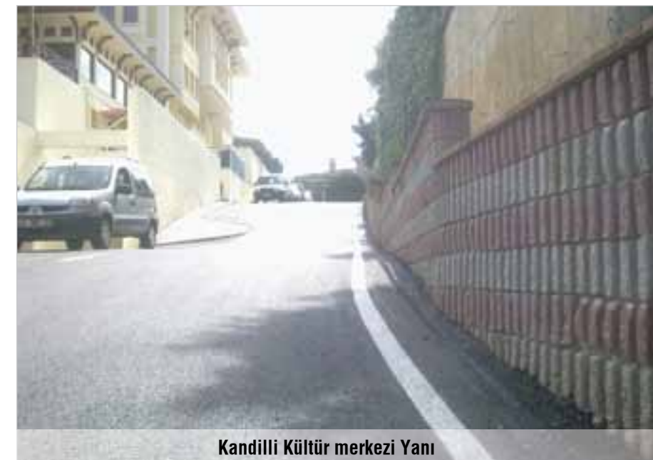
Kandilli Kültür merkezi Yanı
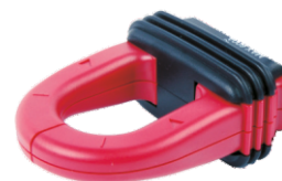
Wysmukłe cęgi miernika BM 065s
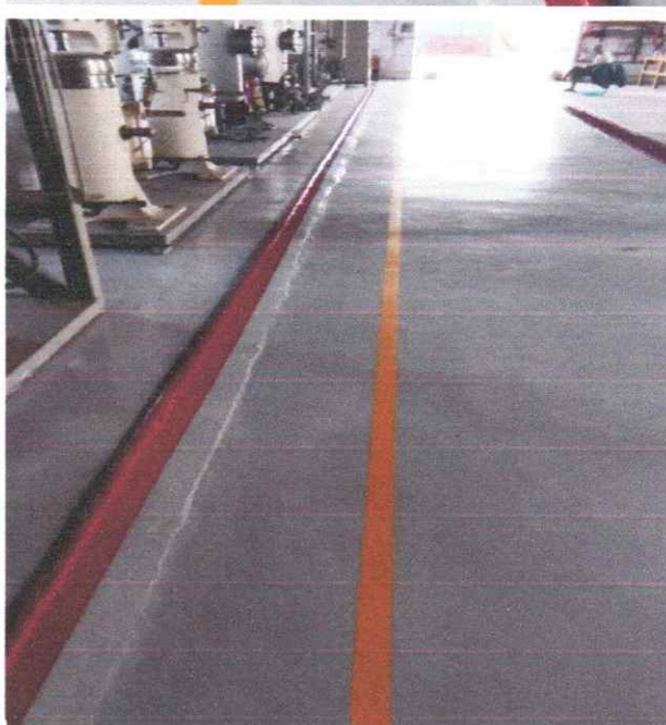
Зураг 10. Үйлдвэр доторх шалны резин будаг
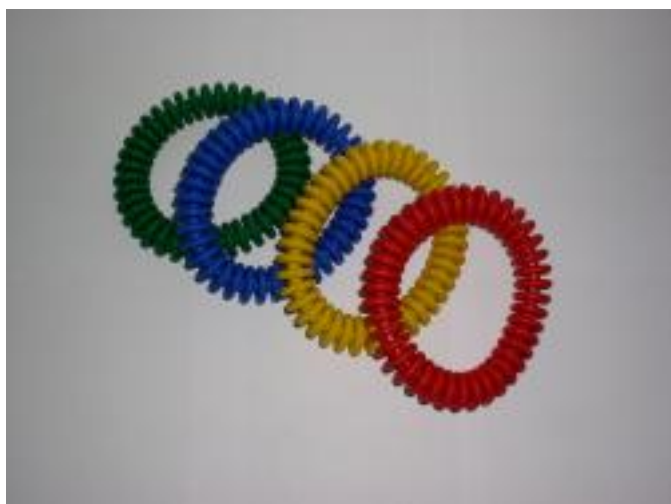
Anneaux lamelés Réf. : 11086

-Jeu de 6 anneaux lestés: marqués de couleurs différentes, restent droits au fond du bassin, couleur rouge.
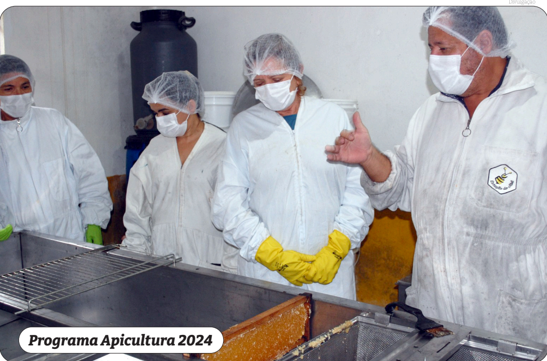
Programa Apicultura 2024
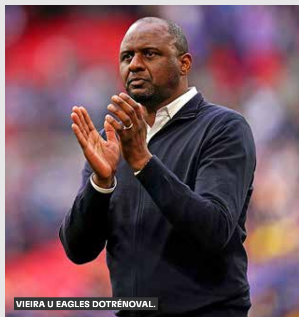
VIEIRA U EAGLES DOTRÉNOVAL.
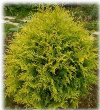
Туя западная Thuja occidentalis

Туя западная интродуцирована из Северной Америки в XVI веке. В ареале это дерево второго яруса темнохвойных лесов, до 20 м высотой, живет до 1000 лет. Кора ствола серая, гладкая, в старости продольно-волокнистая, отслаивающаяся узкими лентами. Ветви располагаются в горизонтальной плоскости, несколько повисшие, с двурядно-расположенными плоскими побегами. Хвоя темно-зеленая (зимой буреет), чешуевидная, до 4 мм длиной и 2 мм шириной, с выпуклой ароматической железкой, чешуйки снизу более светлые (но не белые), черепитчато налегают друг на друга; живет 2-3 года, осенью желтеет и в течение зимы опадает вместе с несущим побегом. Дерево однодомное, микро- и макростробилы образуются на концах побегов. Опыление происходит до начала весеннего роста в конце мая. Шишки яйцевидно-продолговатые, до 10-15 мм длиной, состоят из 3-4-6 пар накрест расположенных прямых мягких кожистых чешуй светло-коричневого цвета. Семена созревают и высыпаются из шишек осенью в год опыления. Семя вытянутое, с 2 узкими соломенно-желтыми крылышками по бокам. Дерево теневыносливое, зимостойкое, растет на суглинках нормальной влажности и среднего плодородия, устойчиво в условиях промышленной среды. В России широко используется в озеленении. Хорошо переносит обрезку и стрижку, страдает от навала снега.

******

• What is needed
For every line in the listing above that contains "западная", copy that line.

• Expected answer
Туя западная Thuja occidentalis
Туя западная интродуцирована из Северной Америки в XVI веке. В ареале это дерево второго яруса темнохвойных лесов, до 20 м высотой, живет до 1000 лет. Кора ствола серая, гладкая, в старости продольно-волокнистая, отслаивающаяся узкими лентами. Ветви располагаются в горизонтальной плоскости, несколько повисшие, с двурядно-расположенными плоскими побегами. Хвоя темно-зеленая (зимой буреет), чешуевидная, до 4 мм длиной и 2 мм шириной, с выпуклой ароматической железкой, чешуйки снизу более светлые (но не белые), черепитчато налегают друг на друга; живет 2-3 года, осенью желтеет и в течение зимы опадает вместе с несущим побегом. Дерево однодомное, микро- и макростробилы образуются на концах побегов. Опыление происходит до начала весеннего роста в конце мая. Шишки яйцевидно-продолговатые, до 10-15 мм длиной, состоят из 3-4-6 пар накрест расположенных прямых мягких кожистых чешуй светло-коричневого цвета. Семена созревают и высыпаются из шишек осенью в год опыления. Семя вытянутое, с 2 узкими соломенно-желтыми крылышками по бокам. Дерево теневыносливое, зимостойкое, растет на суглинках нормальной влажности и среднего плодородия, устойчиво в условиях промышленной среды. В России широко используется в озеленении. Хорошо переносит обрезку и стрижку, страдает от навала снега.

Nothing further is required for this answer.